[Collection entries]
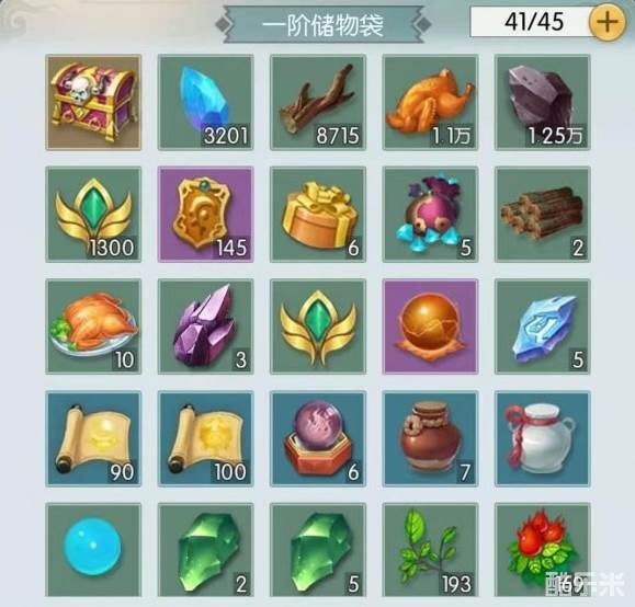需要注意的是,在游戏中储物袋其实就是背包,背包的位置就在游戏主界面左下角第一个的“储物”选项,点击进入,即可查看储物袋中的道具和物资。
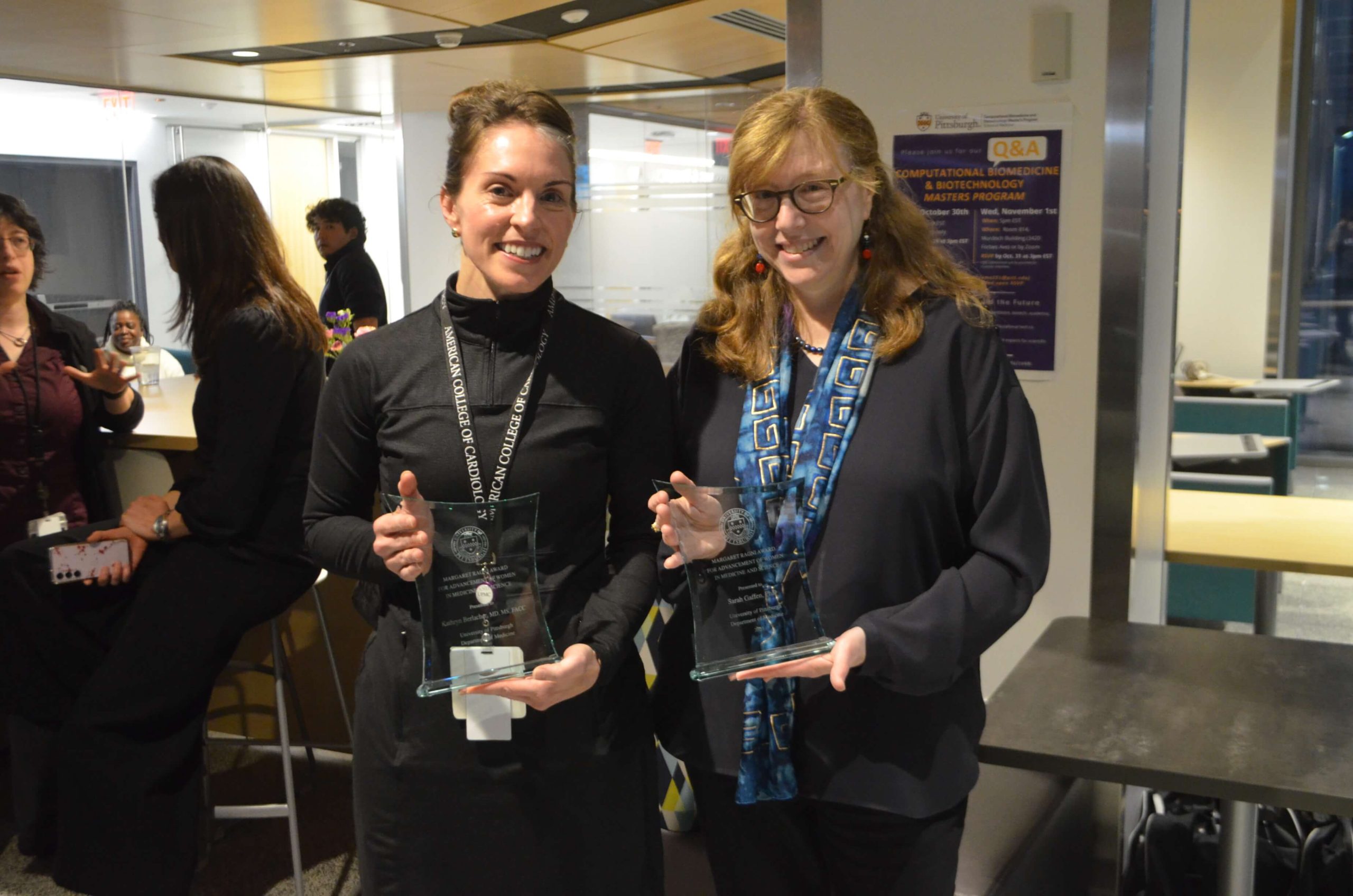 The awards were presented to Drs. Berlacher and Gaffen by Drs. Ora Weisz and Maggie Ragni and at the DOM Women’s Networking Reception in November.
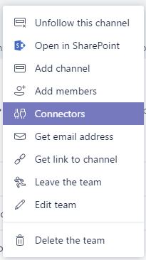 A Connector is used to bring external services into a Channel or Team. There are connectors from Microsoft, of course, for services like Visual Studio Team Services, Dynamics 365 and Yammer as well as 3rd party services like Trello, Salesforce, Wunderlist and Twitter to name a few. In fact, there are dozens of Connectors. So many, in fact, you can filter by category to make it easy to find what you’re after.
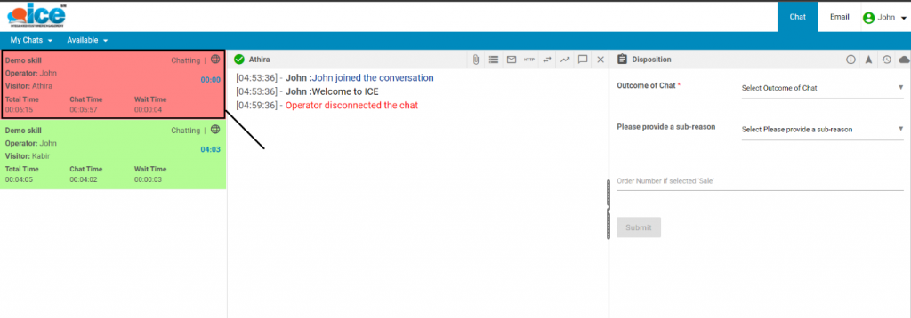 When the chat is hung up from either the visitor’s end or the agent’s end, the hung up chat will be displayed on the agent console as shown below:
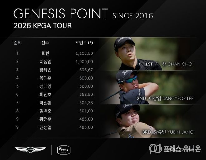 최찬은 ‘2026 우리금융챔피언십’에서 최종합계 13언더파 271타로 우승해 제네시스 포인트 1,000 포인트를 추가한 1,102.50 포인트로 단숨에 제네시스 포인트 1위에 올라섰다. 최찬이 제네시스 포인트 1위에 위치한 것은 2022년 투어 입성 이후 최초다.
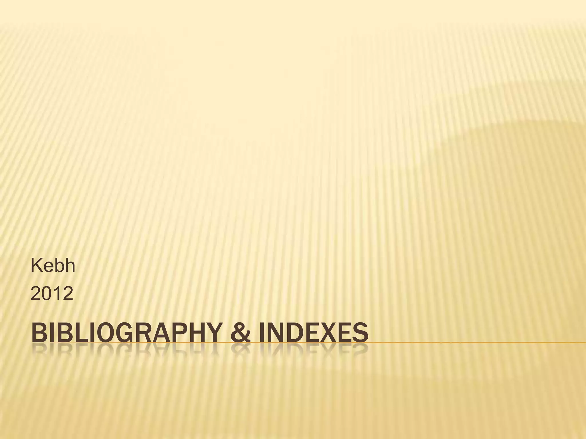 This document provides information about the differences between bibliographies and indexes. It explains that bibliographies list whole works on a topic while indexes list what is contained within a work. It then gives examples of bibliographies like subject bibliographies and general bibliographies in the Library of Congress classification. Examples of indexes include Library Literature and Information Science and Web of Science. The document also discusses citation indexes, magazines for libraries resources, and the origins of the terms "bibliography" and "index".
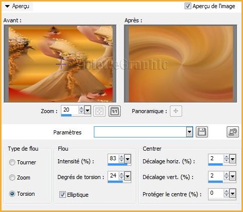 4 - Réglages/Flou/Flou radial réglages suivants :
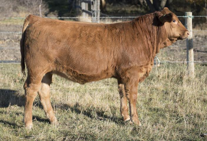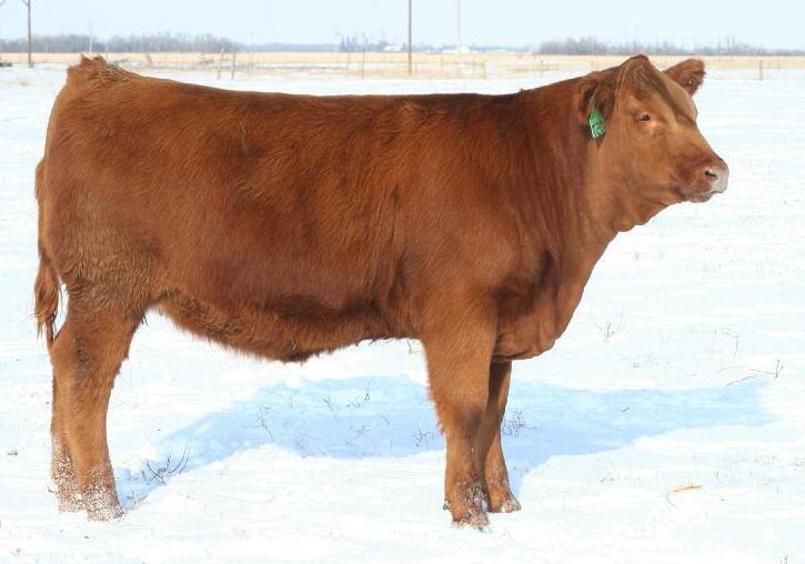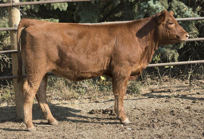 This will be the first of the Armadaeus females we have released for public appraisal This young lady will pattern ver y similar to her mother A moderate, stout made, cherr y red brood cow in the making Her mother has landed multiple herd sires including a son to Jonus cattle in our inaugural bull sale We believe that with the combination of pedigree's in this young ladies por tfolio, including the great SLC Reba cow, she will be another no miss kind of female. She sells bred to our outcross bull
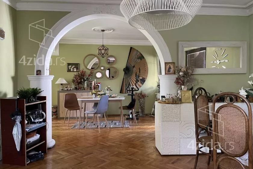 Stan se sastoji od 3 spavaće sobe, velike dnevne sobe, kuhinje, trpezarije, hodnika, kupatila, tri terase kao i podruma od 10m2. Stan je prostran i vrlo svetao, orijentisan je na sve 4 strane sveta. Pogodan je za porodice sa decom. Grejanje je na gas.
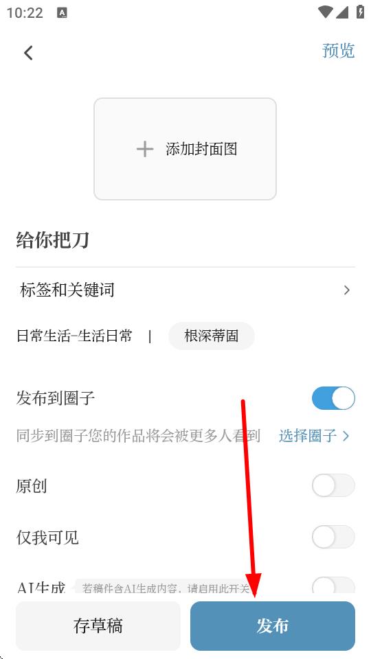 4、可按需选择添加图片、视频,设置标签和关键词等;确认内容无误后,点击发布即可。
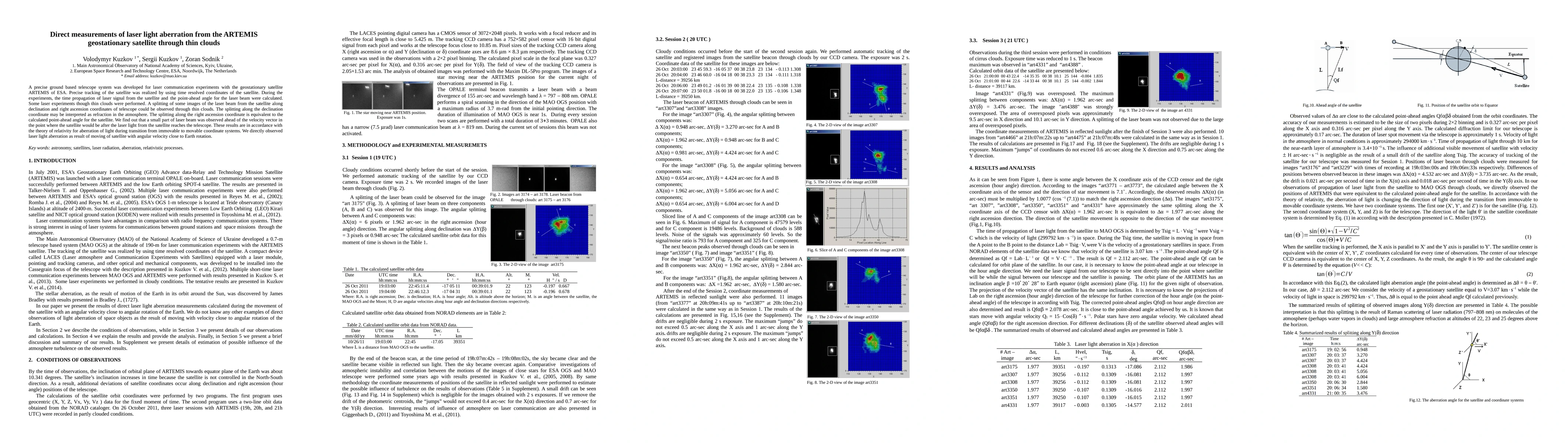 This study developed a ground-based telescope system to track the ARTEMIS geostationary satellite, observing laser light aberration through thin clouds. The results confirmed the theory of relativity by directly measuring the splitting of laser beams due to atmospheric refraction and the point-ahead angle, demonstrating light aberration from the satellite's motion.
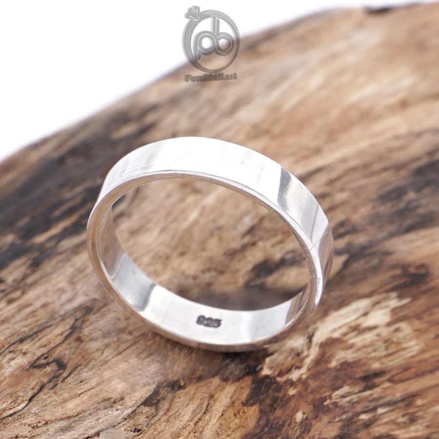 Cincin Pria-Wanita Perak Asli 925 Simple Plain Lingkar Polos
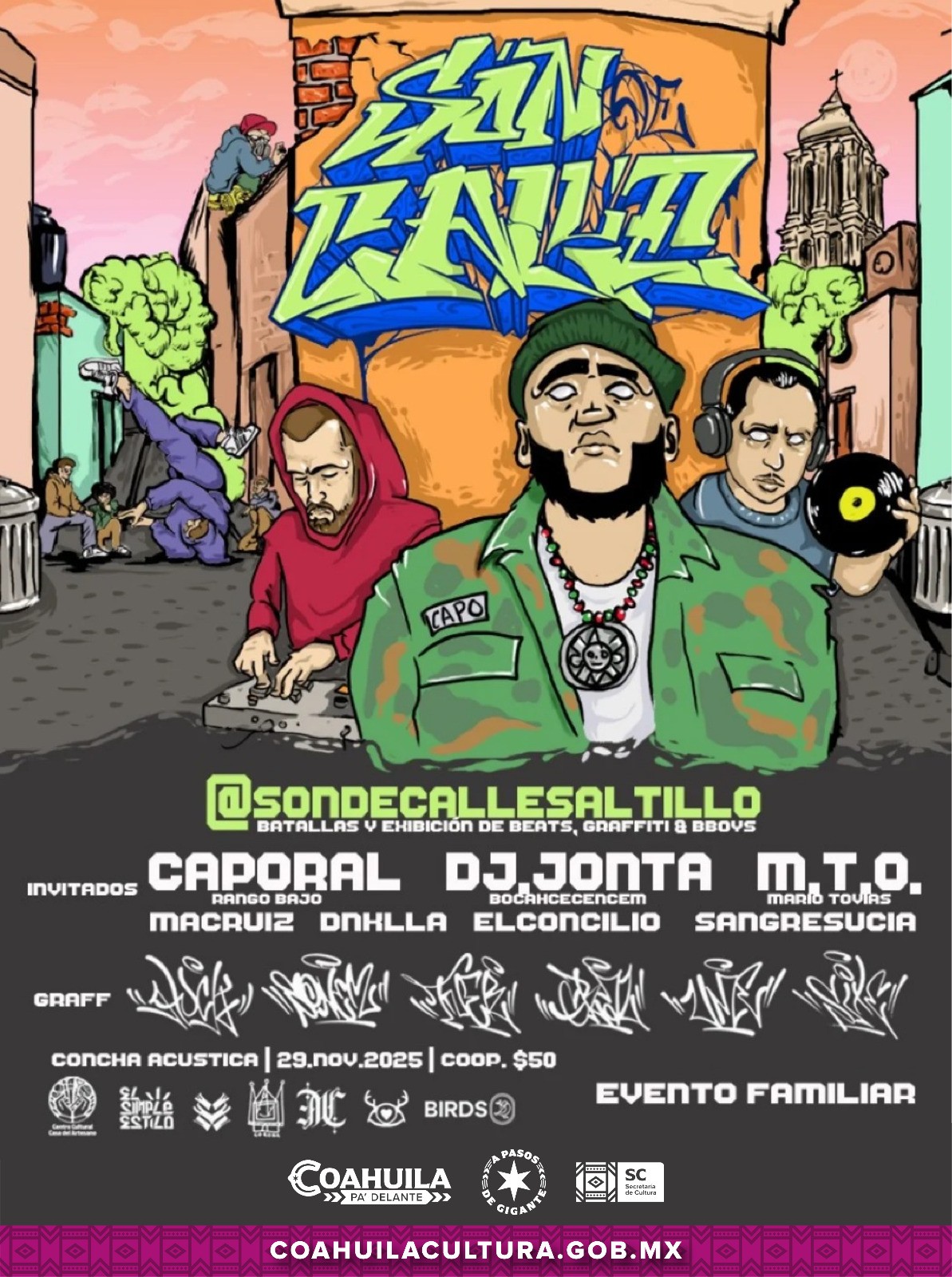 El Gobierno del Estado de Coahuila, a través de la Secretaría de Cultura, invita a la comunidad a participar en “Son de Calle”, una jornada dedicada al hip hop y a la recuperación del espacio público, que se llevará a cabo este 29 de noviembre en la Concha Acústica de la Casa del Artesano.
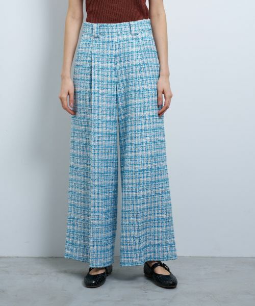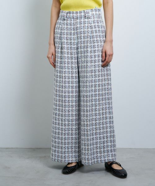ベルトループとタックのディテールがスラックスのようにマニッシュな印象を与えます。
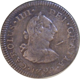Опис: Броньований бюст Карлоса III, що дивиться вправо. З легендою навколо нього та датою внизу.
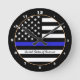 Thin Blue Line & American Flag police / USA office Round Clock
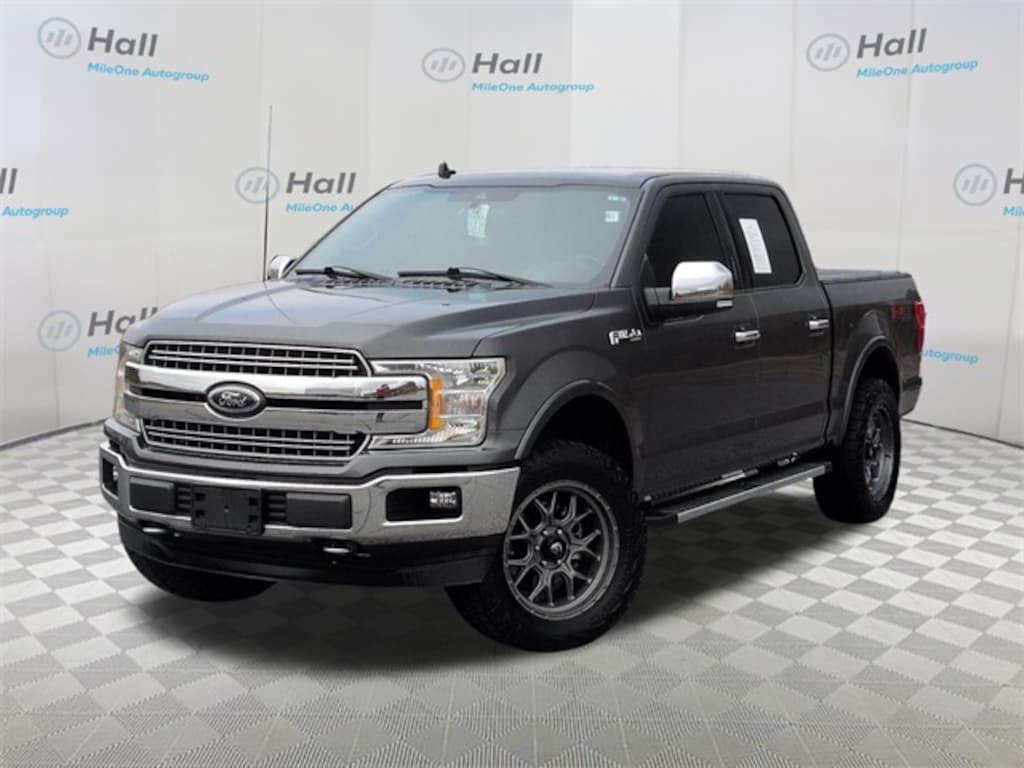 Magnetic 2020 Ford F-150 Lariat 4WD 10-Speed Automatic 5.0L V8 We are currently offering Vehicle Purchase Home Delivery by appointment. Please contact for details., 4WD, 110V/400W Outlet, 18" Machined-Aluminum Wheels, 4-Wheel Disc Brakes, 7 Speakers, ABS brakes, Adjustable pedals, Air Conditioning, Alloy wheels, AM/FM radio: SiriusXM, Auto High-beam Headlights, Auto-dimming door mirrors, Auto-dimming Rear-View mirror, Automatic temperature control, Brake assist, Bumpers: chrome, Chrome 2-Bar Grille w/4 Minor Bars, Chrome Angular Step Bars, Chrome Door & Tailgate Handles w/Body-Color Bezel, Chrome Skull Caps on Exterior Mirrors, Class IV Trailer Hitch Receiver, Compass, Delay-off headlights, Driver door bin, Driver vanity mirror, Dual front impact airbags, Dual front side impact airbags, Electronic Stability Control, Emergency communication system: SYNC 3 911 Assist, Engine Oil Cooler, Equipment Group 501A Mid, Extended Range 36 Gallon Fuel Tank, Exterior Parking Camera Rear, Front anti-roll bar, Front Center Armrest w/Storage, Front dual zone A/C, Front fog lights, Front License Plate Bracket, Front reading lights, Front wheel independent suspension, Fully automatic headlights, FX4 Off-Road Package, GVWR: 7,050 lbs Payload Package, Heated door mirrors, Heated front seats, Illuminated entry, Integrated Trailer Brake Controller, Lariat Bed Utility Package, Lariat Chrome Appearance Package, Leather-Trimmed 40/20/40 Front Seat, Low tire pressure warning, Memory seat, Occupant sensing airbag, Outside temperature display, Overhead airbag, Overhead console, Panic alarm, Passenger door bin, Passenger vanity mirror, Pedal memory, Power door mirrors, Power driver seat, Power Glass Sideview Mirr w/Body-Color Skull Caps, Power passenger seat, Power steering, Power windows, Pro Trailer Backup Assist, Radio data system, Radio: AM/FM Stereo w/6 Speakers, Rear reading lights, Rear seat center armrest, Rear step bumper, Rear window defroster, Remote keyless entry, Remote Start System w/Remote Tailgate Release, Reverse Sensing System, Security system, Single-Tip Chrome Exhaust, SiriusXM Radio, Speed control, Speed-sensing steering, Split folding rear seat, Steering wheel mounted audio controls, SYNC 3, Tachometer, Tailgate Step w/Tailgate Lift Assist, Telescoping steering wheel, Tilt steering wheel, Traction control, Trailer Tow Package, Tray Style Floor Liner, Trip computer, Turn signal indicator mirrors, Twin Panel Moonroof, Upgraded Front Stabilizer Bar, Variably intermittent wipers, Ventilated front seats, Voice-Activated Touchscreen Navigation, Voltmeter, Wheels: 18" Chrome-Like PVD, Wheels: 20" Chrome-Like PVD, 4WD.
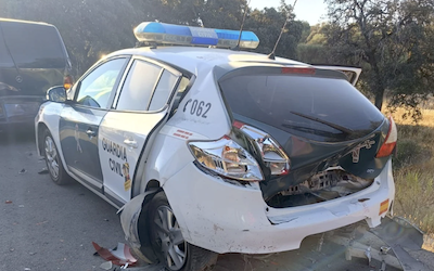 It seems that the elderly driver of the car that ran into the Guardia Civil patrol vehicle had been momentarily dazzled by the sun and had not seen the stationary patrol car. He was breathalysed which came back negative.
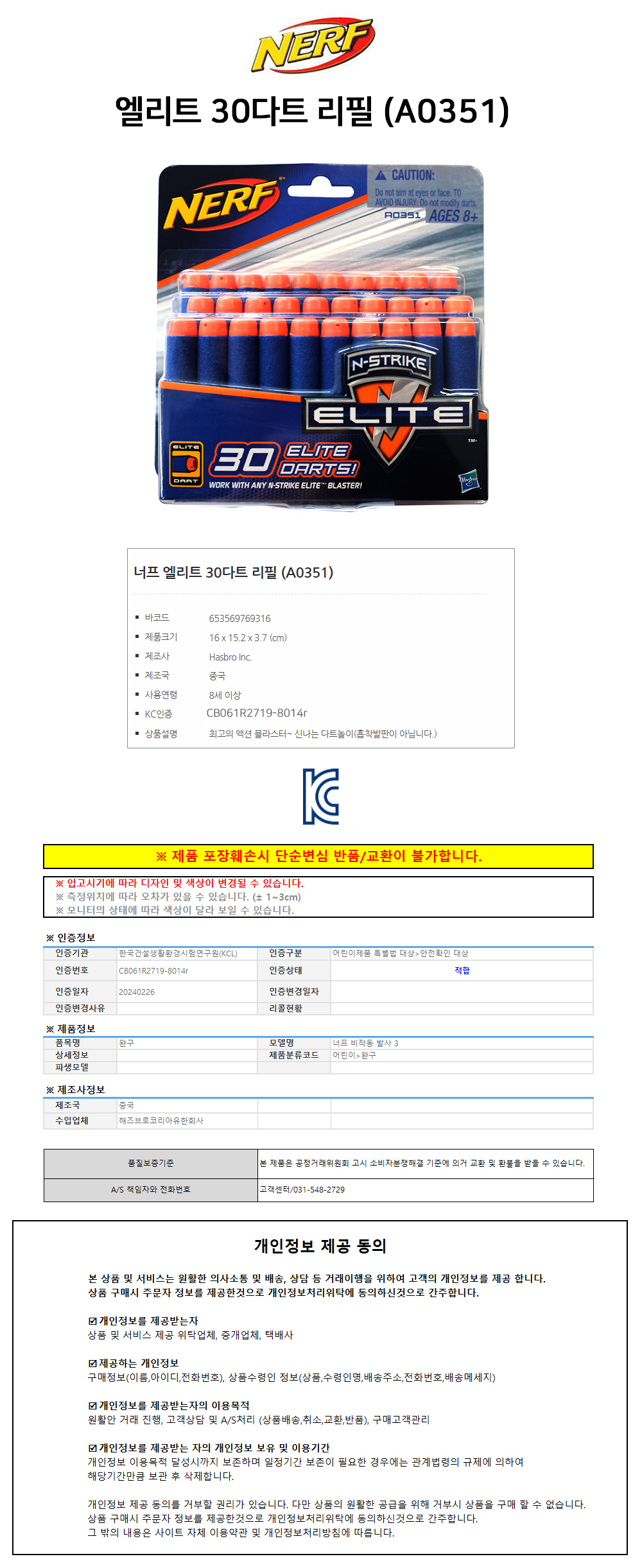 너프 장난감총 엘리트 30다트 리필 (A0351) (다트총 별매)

- Your goal:
Your reply should be the lines of the records from the start through the line with "최찬은 ‘2026 우리금융챔피언십’에서", copied word for word, pictures omitted.

- Exercise response:
需要注意的是,在游戏中储物袋其实就是背包,背包的位置就在游戏主界面左下角第一个的“储物”选项,点击进入,即可查看储物袋中的道具和物资。
 The awards were presented to Drs. Berlacher and Gaffen by Drs. Ora Weisz and Maggie Ragni and at the DOM Women’s Networking Reception in November.
 A Connector is used to bring external services into a Channel or Team. There are connectors from Microsoft, of course, for services like Visual Studio Team Services, Dynamics 365 and Yammer as well as 3rd party services like Trello, Salesforce, Wunderlist and Twitter to name a few. In fact, there are dozens of Connectors. So many, in fact, you can filter by category to make it easy to find what you’re after.
 When the chat is hung up from either the visitor’s end or the agent’s end, the hung up chat will be displayed on the agent console as shown below:
 최찬은 ‘2026 우리금융챔피언십’에서 최종합계 13언더파 271타로 우승해 제네시스 포인트 1,000 포인트를 추가한 1,102.50 포인트로 단숨에 제네시스 포인트 1위에 올라섰다. 최찬이 제네시스 포인트 1위에 위치한 것은 2022년 투어 입성 이후 최초다.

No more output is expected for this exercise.